**The data:**
------------------------------------------------

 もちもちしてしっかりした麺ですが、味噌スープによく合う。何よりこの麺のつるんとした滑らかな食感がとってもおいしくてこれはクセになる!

------------------------------------------------

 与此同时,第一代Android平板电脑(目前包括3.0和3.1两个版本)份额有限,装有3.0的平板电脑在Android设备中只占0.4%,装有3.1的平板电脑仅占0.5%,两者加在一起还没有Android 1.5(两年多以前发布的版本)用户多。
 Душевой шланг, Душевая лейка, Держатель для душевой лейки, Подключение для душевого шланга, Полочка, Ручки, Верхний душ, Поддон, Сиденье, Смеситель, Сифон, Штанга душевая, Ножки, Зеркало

------------------------------------------------

Extract the lines of the preceding material that run from the line with "与此同时,第一代Androi" through the line with "Душевой шланг, Душевая", inclusive, reproducing them exactly and adding nothing.

 与此同时,第一代Android平板电脑(目前包括3.0和3.1两个版本)份额有限,装有3.0的平板电脑在Android设备中只占0.4%,装有3.1的平板电脑仅占0.5%,两者加在一起还没有Android 1.5(两年多以前发布的版本)用户多。
 Душевой шланг, Душевая лейка, Держатель для душевой лейки, Подключение для душевого шланга, Полочка, Ручки, Верхний душ, Поддон, Сиденье, Смеситель, Сифон, Штанга душевая, Ножки, Зеркало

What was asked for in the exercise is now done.